Seventh Circuit Judge Richard Posner is one of the foremost legal scholars in the United States, particularly on economic matters. He has written numerous influential opinions and almost forty books on law and economics, teaches at the University of Chicago Law School, and is widely respected in the legal community. And two of his recent damage rulings will have a signification impact on the patent litigation process, or more specifically reduce it.

Last summer in Apple vs. Motorola, Judge Posner, sitting by designation, threw out both sides’ damage witnesses.  This article discusses the Apple case and the damages ruling.  Posner’s current and second ruling affecting the patent damage landscape is Brandeis University and GFA Brands, Inc., vs. Keebler Co., No. District of Illinois, (Case no. 1:12-cv-01508, January 18, 2013), summarized below (with additional detail in this article).

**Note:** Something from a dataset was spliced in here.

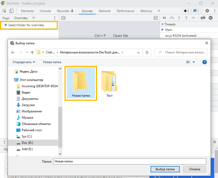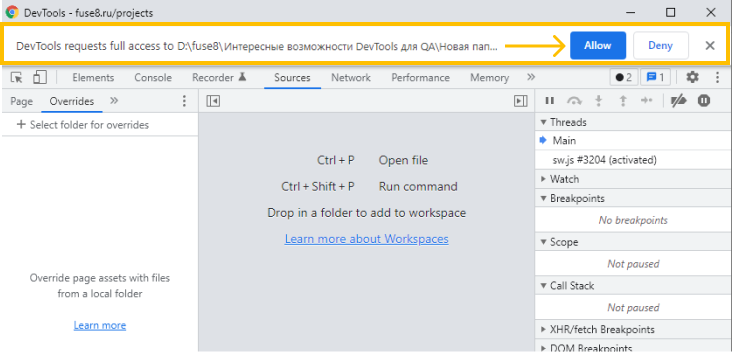 6. Во всплывающем окне разрешите доступ DevTools к выбранной папке.

In this second action, again sitting by designation, Judge Poser gutted the damage case for a plaintiff patentee involving the formula for cookies used by defendant Keebler. Judge Posner eliminated practically all of the damage calculation, not based on the plaintiff’s grotesque misuse of damage principles, but based on Judge Posner’s own detailed analysis and questions which occurred to him that had not been anticipated and answered by the plaintiff’s expert in their work.

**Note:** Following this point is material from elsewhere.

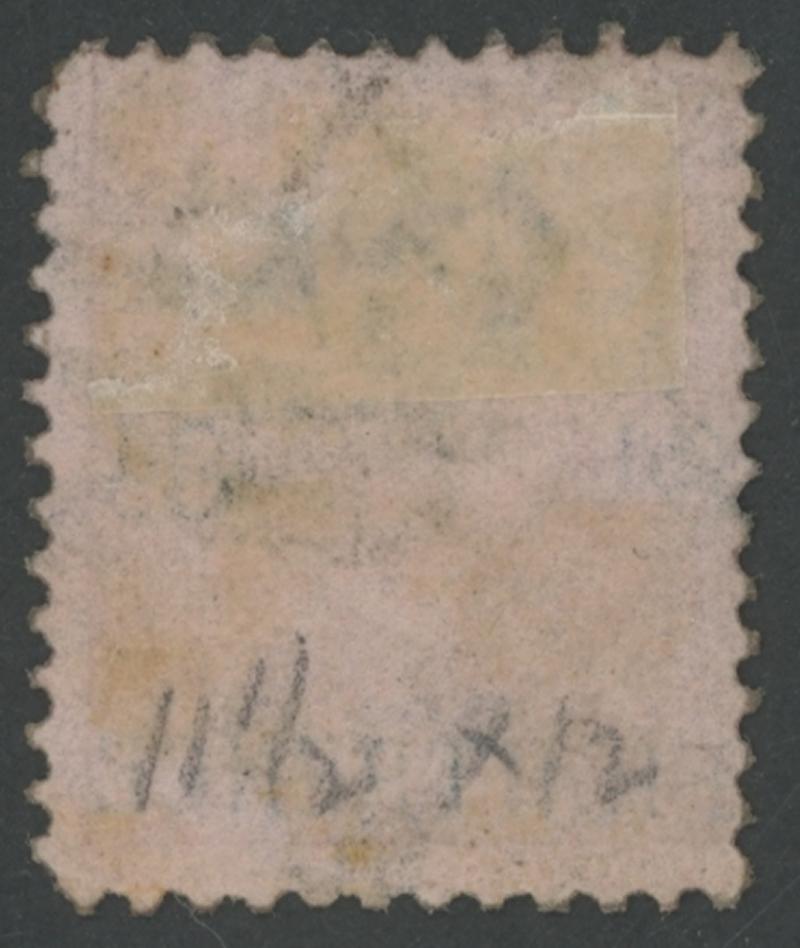 line machines gauging 12¼-12½ for the large format stamps" (all of which Gibbons list as Perf 12½). However, the paper on which this stamp is printed did not arrive in Melbourne until July 1882, and the horizontal rows here are Perf 13 exactly. (Image1) (Image2)

The Keebler case underscores the importance of acceptable non-infringing alternatives in determining a reasonable royalty rate. When there is an acceptable economic alternative to use of the infringed patent, the royalty rate will necessarily be smaller than if no such alternative exists. The plaintiffs’ expert addressed this issue, but not to the thoroughness and in the manner that Judge Posner desired. The Order states:

“Dr. Layne- Farrar testified (in her report and in answer to my questions) that there was no cheap and satisfactory substitute for the plaintiffs’ fat blend that would not contain trans-fats. In order to avoid infringing while also avoiding trans-fats (the primary commercial value of the plaintiffs’ margarine is not its effect on HDL and the HDL/LDL ratio but that it does not contain trans-fats), Keebler would have had to consider the possible effects of substituting a non-infringing oil blend on other elements of consumer demand besides aversion to trans-fats. These elements, she testified, include consumer aversion to sogginess in cookies (a possible result if the cookies contained a non-infringing oil blend that had a high ratio of unsaturated to saturated fat), and aversion to saturated fat (a result if for example butter, which contains no trans-fats, was used in place of the patented margarine).”

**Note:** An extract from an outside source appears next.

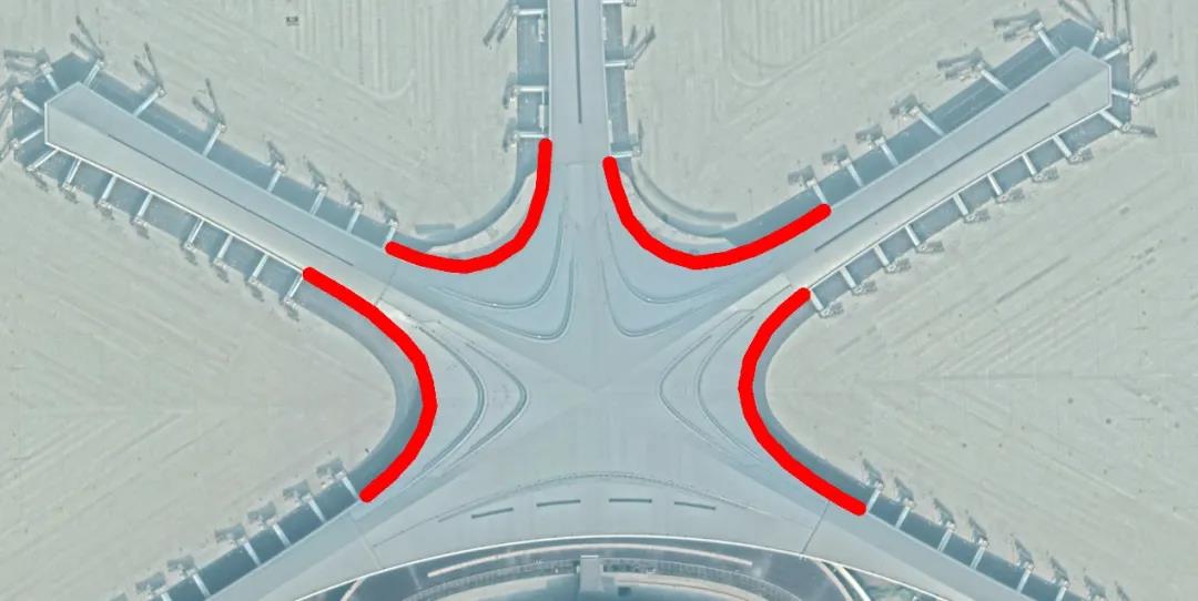 可以看出,“爪”型航站樓部分邊線(上圖中紅色部分)利用不充分。

Plaintiff’s expert reviewed licenses to support the reasonable royalty rate. This is a common and widely accepted analysis tool. As with practically any analysis that is based on comparable transactions, there were differences between the subject hypothetical license, and the comparable transactions. Judge Posner determined that two of the three licenses used by the plaintiff’s expert were not sufficiently comparable and excluded them. This left plaintiff’s expert with only one license, which the expert specifically concluded was a floor, and not the best indication of value. However, Judge Posner’s Order made this one license the only thing left in plaintiff’s entire damage presentation.

With the plaintiff’s damage case a shell of its former self, the matter settled. So, unlike the Apple case which is being appealed, the Keebler case will not provide an opportunity for appellate review.  However, both cases serve as a cautionary tale regarding how jurists may apply their gate keeping role.